Large 1500 seat venue has a bunch of squeaky seats. It is coming from the hinge area, mostly the spring. Is there a lubricant that is preferred to fix this?

Thanks everyone!


----------



## Amiers (Jul 10, 2014)

PB Blaster or White Lightning, usually does the trick.


----------



## Fountain Of Euph (Jul 24, 2014)

Can you use wd40, or is that a fire risk


----------



## Amiers (Jul 24, 2014)

Fountain Of Euph said:


> Can you use wd40, or is that a fire risk



Wd40 isn't a lubricant.
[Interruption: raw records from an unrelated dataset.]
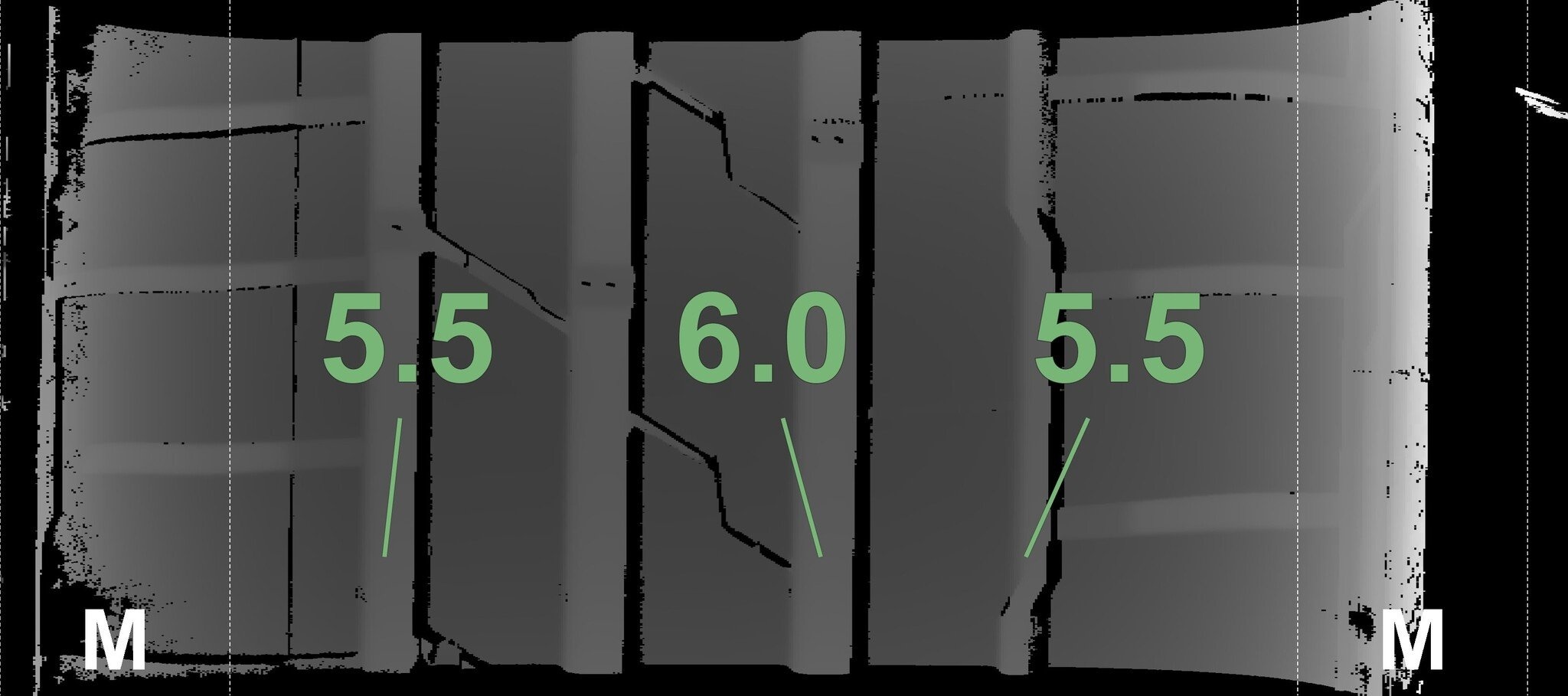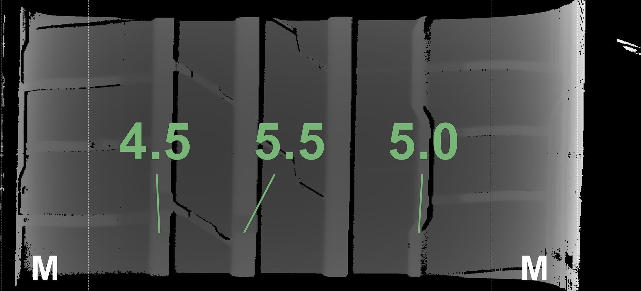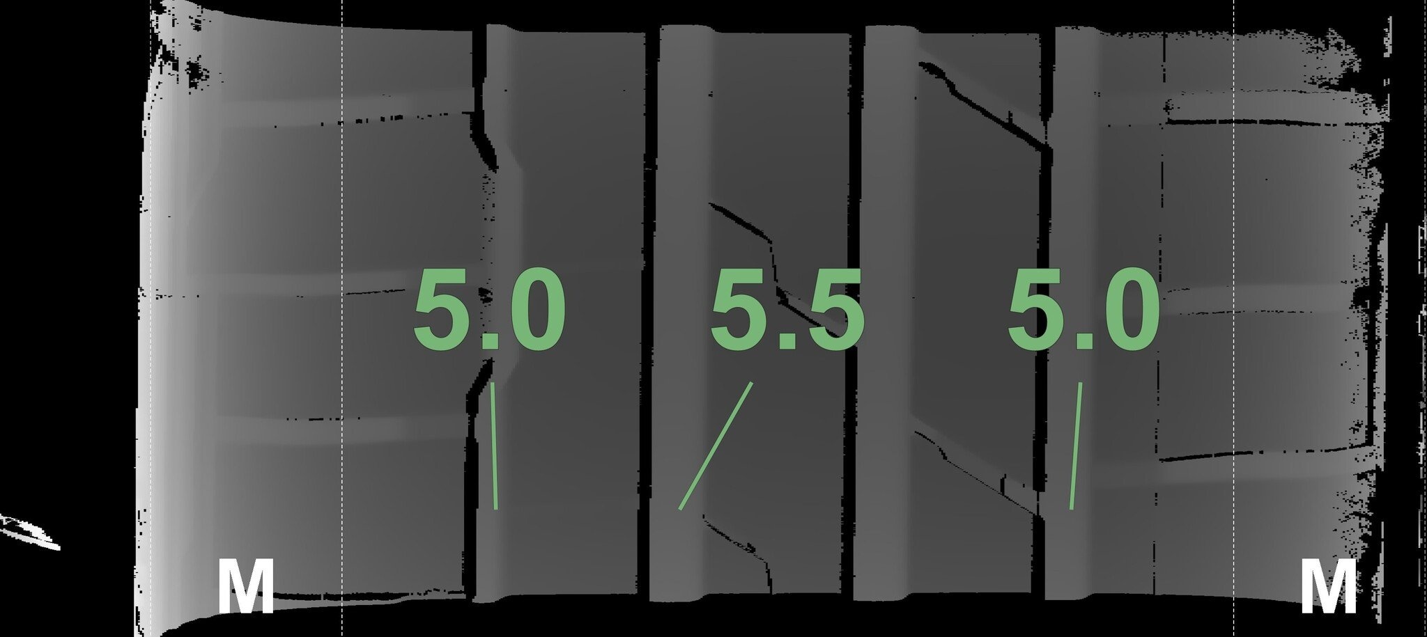 De gemeten profieldieptes en de details van de velgen zijn hierboven weergegeven.
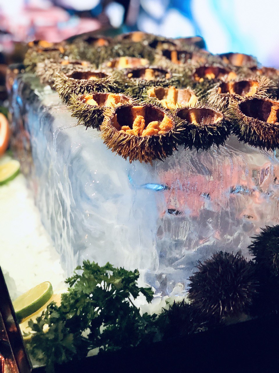 Устрицы, креветки, икра морского ежа, гребешок, мидии, свежая рыба и другие морепродукты подаются порционно. Шеф-повар учит гостей устричному этикету, способам открытия устриц: у каждого есть возможность самостоятельно, но под руководством шефа, открыть устрицу и съесть ее с подходящим изысканным соусом.
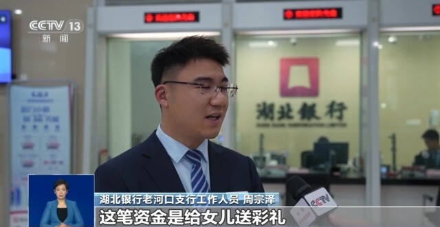 湖北银行老河口支行工作人员 周宗泽:取款人说这笔资金是给女儿送彩礼,转账人说是朋友之间的转账,这就引起了我的怀疑。
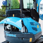 - Features: Swing boom (for offset digging) and side-mounted pilot joysticks.
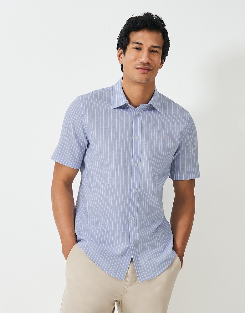 Linen Blend Classic-Fit Shirt in Blue Stripe
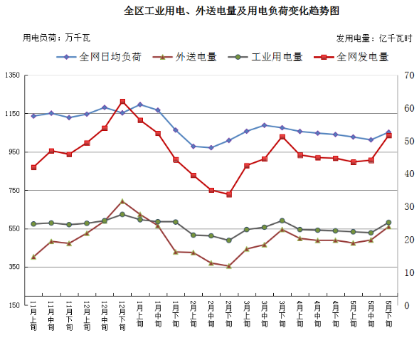 发用电信息:本旬,全网发电量51.67亿千瓦时,环比增长17.12%,同比增长20%;工业用电量25.17亿千瓦时,环比增长14.37%,同比下降1.9%;外送电量23.9亿千瓦时,环比增长20.5%,同比增长62.25%;全网日均用电负荷1052万千瓦,环比增长3.95%,同比下降1.96%。
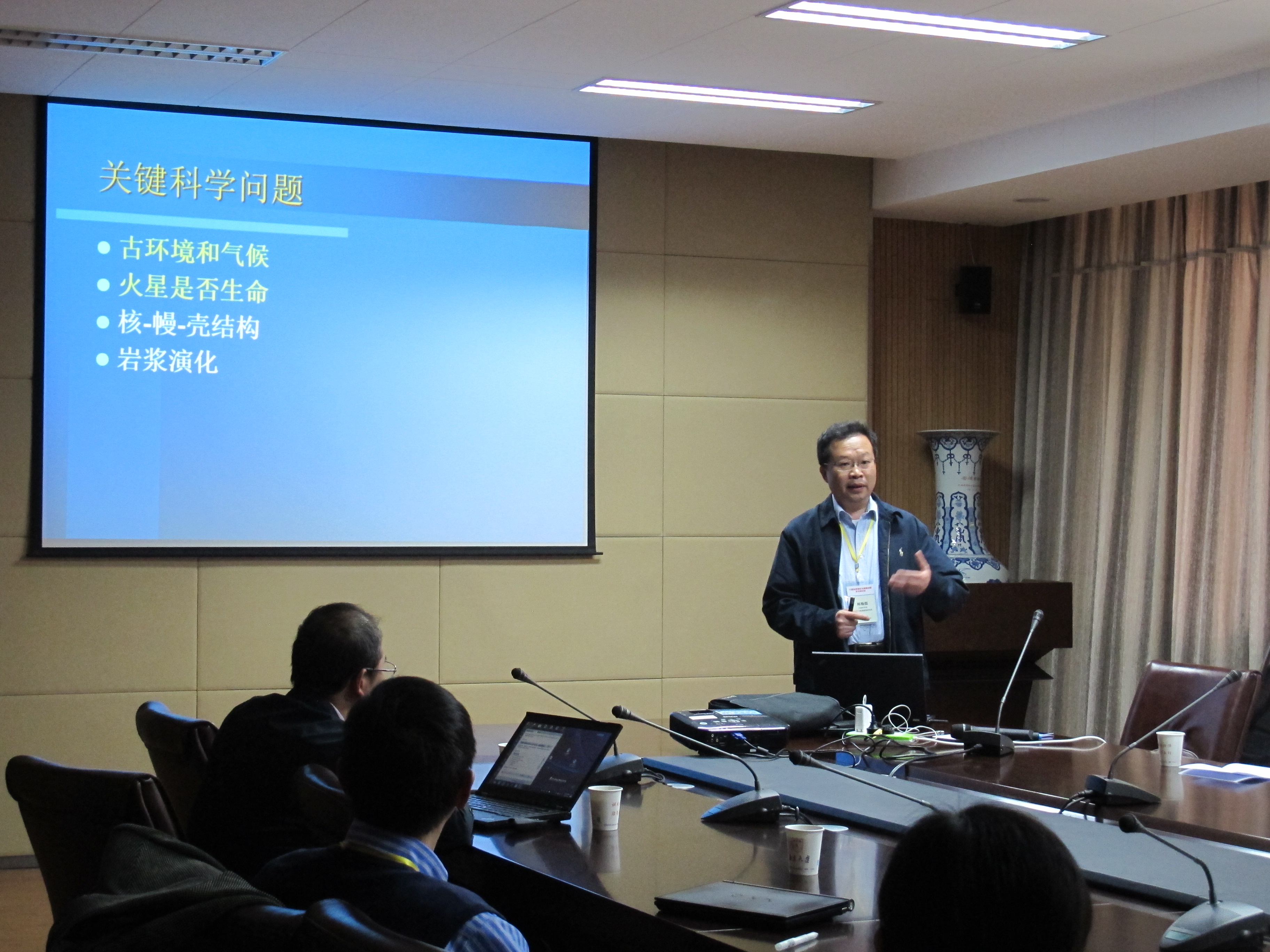 下午的报告主要涉及火星和月球形成与演化过程中的关键科学问题,由张爱铖教授主持。林杨挺研究员的报告主要涉及火星研究的关键科学问题,纳米离子探针分析技术及火星古地下水和有机物等相关的研究进展。肖龙教授回顾了火星探测历史,介绍了火星表面火山活动的形貌特征、分布和时代,并在此基础上讨论了火星早期火山活动的历史。惠鹤九教授分两阶段介绍了月球水的研究历史,同时报道了关于月球早期水的最新研究成果。李雄耀博士通过介绍地球沙尘暴将与会代表的注意力自然地引到行星表面的尘埃风暴,并详细介绍了月球尘埃环境、特性和尘埃运移机制等重要问题。论坛最后一个报告者是周琴博士,她介绍了最近关于内太阳系撞击历史的模型,并通过月球陨石中锆石和磷酸盐矿物的离子探针年龄学研究,讨论了月球早期多次大规模撞击事件的可能性,引起了与会代表热烈的讨论。
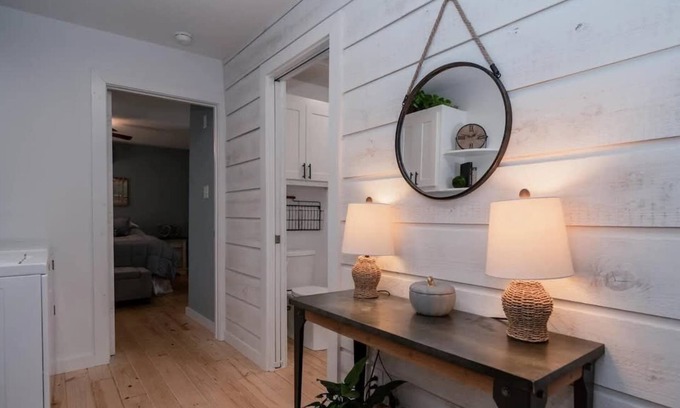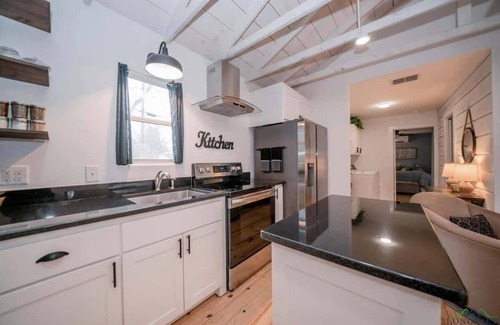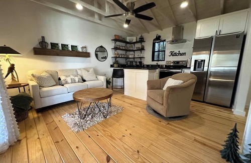 This stunning 1 Bedroom 1.5 Bathroom cottage is the perfect home for a romantic getaway, or a calming retreat. Our home has a fully stocked kitchen, spacious living area, tranquil bedroom, and a large patio featuring ample seating, a grill, and hot tub!
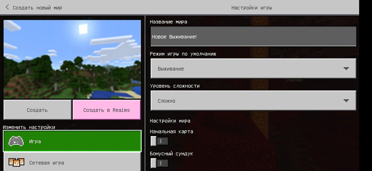 Итак, я создал новый мир на версии 1.16.201. Уровень сложности, как всегда, "Сложно", поле для сида оставил пустым.
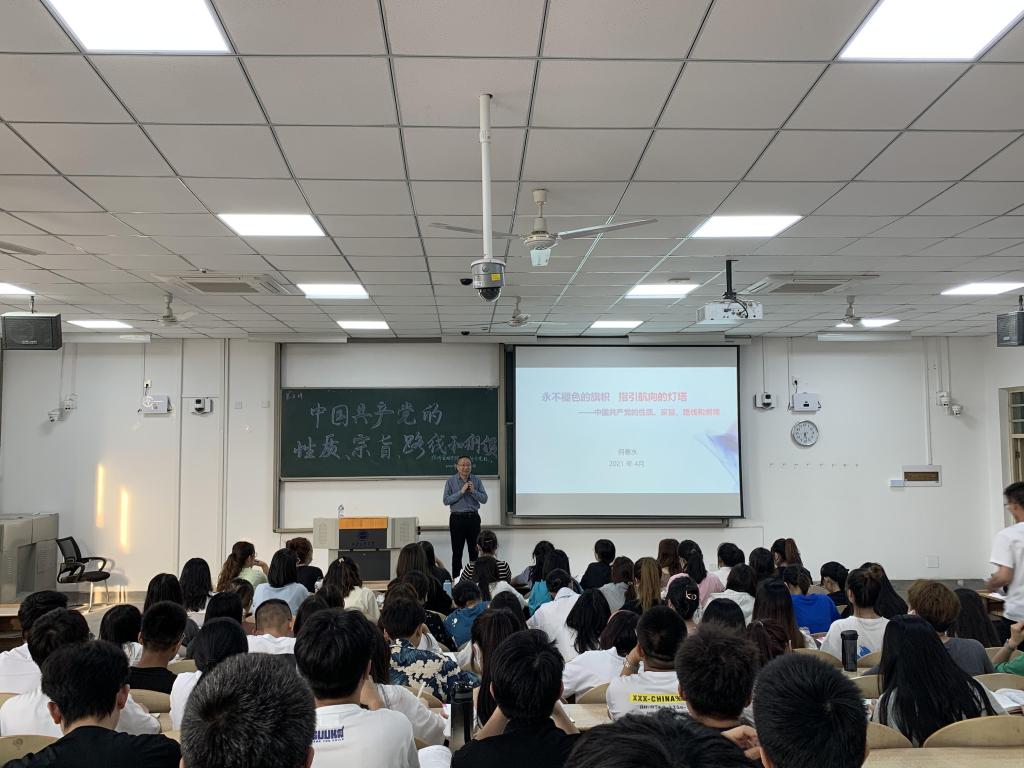 5月19日,BB贝博艾弗森官方网站第64期分党校第五讲“中国共产党的性质、宗旨、路线和纲领”在教1-103开展,本次党课由党办校办主任何春水为140余名党课学员进行授课。
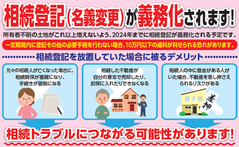 少子高齢化・多死社会化が進むとされる現代において、相続対策・生前対策という考えは非常に身近となってきたように思います。人間である以上、誰しもに必ず人生のゴールが訪れ、相続手続きが必要となりますが、昨年、とうとう不動産に関する相続手続き(所有件移転登記)の義務化が決定いたしました。誰の身にも起こり得る相続手続き、その新たな法制度について、国民一人一人が正しい知識を得ることは非常に重要なことだと考えております。
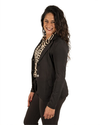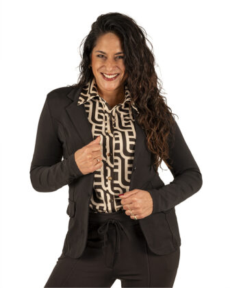Zwarte travelstof blazer van Vera Jo. Supermooie licht getailleerde blazer in een hele fijne stretch kwaliteit. Super combinatie met bijpassende pantalon.
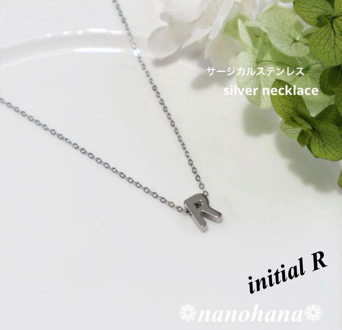 《Rシンプルイニシャルネックレス・シルバー》748 オールサージカルステンレス
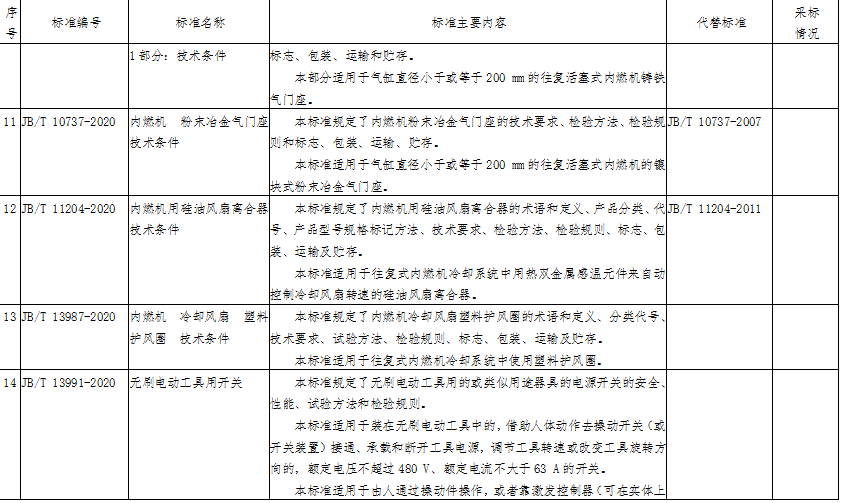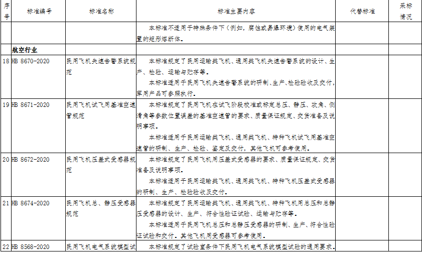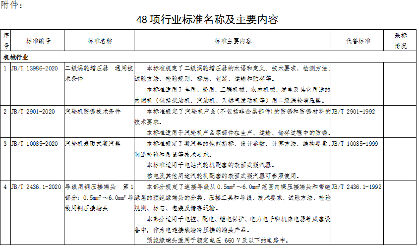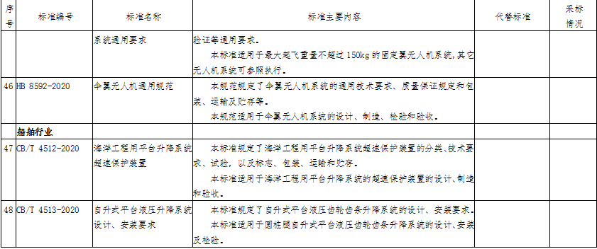 根据行业标准制修订计划,相关标准化技术组织已完成《汽轮机防锈技术条件》等17项机械行业标准、《民用飞机失速告警系统规范》等29项航空行业标准、《海洋工程用平台升降系统超速保护装置》等2项船舶行业标准的制修订工作。在以上标准批准发布之前,为进一步听取社会各界意见,现予以公示,截止日期2020年5月17日。
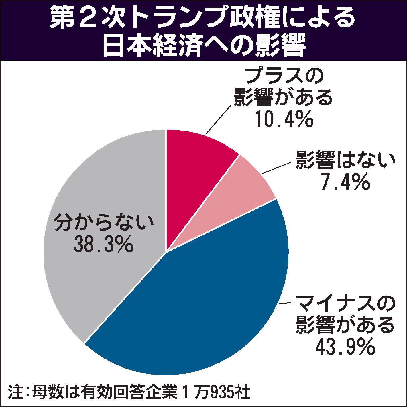 帝国データバンクによると、第2次トランプ米政権の発足に関し、調査した企業の4割超が「日本経済へマイナスの影響がある」と回答した。より包括的な経済安全保障政策の展開によって、重要技術が規制を受けたり、対中政策がより強硬になるなどの影響を不安...
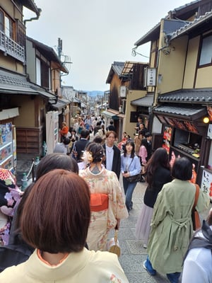 Danach fuhren wir mit dem Bus zum Yasaka Schrein. Hier endete der gemeinsame Ausflug nach Kyoto und der Gruppenverband löste sich auf. Wir gingen in Richtung Altstadt und ließen uns von den Geschäften und alten Fassaden beeindrucken. In einer der Gassen fanden wir eine Silberschmiede, in der Ringe individuell angefertigt wurden. Natürlich ließen wir einen Ring nach unseren Vorstellungen gestalten. Rund um die Gassen der Altstadt wimmelte es von Paaren, die sich in traditioneller Kleidung zur Erinnerung fotografieren ließen. Auch sind uns viele Touristen aufgefallen, die Kostüme traditioneller Kleidung trugen.
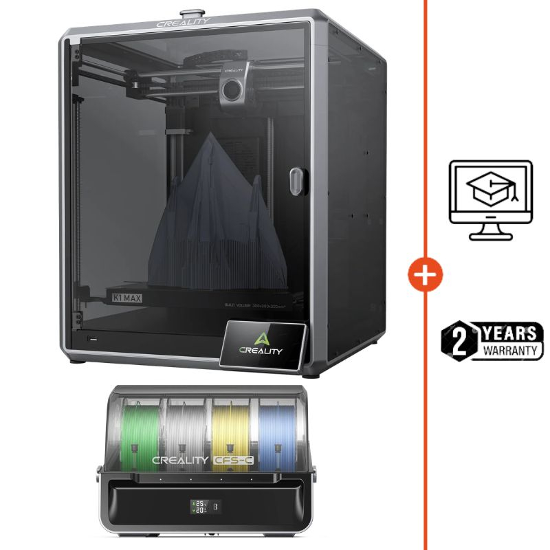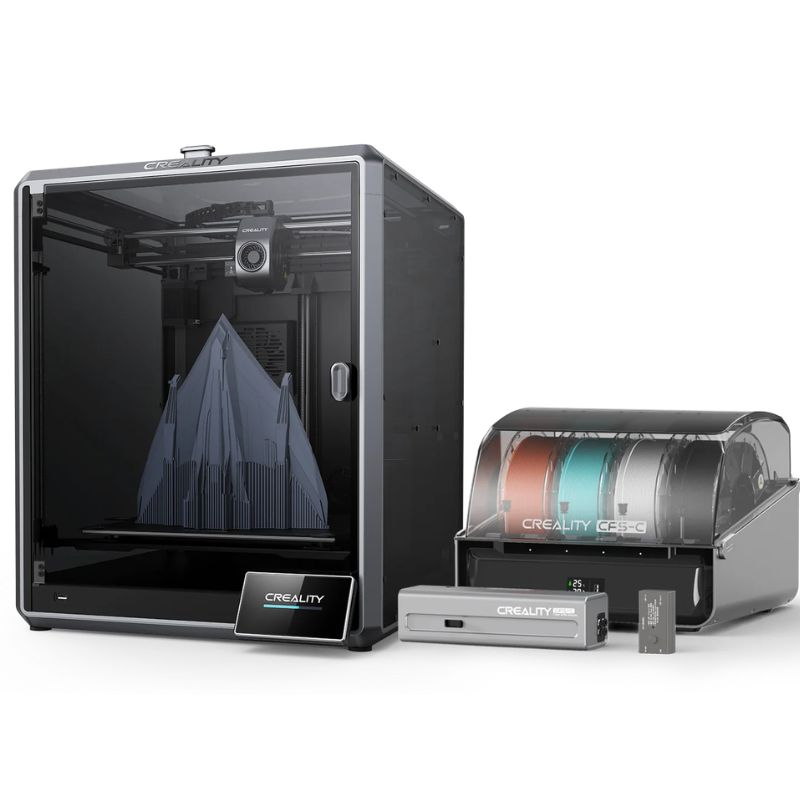 Der Creality K1 Max + CFS-C ist eine leistungsstarke Großformat-Multicolor-Lösung! Durch die Kombination eines geschlossenen Gehäuses, ultrahoher Geschwindigkeit und des CFS-C-Moduls für bis zu 4-Farben-Druck vereint er Produktivität, Kreativität und modernste Technologien. Außerdem integriert er KI mit intelligenter Kamera und LIDAR-Technologie für präzise und automatisierte Drucküberwachung.

It is flammable but if your seats are near fire I feel sorry for the audience. :/


----------



## BillConnerFASTC (Jul 24, 2014)

Graphite


----------



## Jay Ashworth (Jul 26, 2014)

One thought: I was just in a squeaky seat last weekend; check the floor bolts too...


----------



## venuetech (Jul 26, 2014)

have you had the seat pad off to look at the spring? the seats i have use a rubber bushing on the end of the spring. That bushing works loose some times. You might try a spray graphite, often sold as a lock lubricant, you can find it in an auto parts store. It is very flammable when applied but that just evaporates away leaving the dry lube.


----------



## BillConnerFASTC (Jul 26, 2014)

Jay Ashworth said:


> One thought: I was just in a squeaky seat last weekend; check the floor bolts too...



That was actually my immediate reaction - having inspected a lot of seats - but he did say it was the spring. I find wobbly chairs from loose bolts - maybe they seats had been removed at some point - is the biggest noise generator.


----------



## Jay Ashworth (Jul 26, 2014)

Well in my case this seat was squeaking in the bed even though it was the front bolt that was loose; it seems to me that the seat was twerking.. no, android: 'torquing', and the flex was the primary source of the noise.


----------



## Jay Ashworth (Jul 26, 2014)

*in the back


----------



## venuetech (Jul 27, 2014)

with 1500 seats i hope you or your facility maintenance staff do an annual PM to inspect all seats for loose parts, wear and tear, squeaks and such.


----------